#### SUPPLIED MATERIAL:

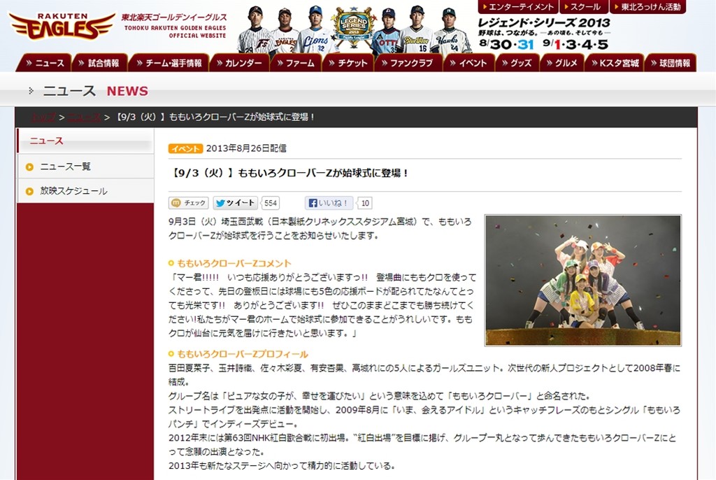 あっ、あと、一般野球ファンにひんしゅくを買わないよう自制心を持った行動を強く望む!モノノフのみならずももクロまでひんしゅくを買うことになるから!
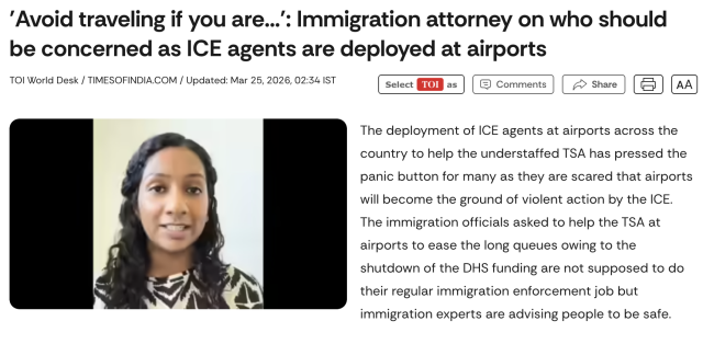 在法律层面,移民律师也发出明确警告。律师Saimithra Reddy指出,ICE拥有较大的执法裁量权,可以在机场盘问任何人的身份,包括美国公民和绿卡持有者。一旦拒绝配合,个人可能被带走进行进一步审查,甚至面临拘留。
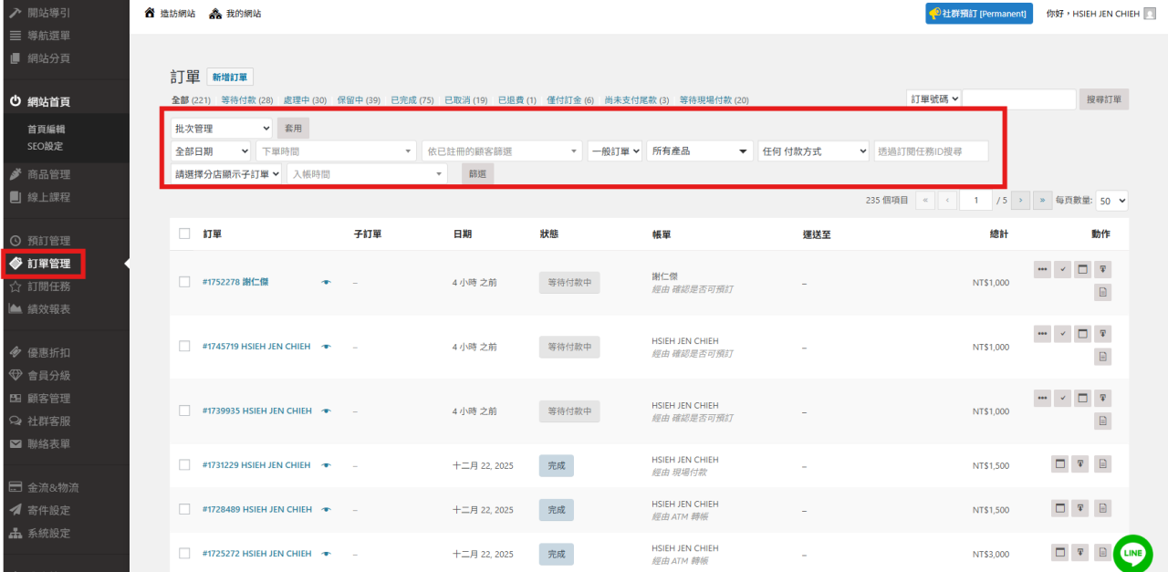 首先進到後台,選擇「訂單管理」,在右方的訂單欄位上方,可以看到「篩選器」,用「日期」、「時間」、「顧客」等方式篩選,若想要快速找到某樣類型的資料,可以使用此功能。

#### TASK TO COMPLETE:
Print the listing exactly, images excluded.

#### FINISHED TASK:
 あっ、あと、一般野球ファンにひんしゅくを買わないよう自制心を持った行動を強く望む!モノノフのみならずももクロまでひんしゅくを買うことになるから!
 在法律层面,移民律师也发出明确警告。律师Saimithra Reddy指出,ICE拥有较大的执法裁量权,可以在机场盘问任何人的身份,包括美国公民和绿卡持有者。一旦拒绝配合,个人可能被带走进行进一步审查,甚至面临拘留。
 首先進到後台,選擇「訂單管理」,在右方的訂單欄位上方,可以看到「篩選器」,用「日期」、「時間」、「顧客」等方式篩選,若想要快速找到某樣類型的資料,可以使用此功能。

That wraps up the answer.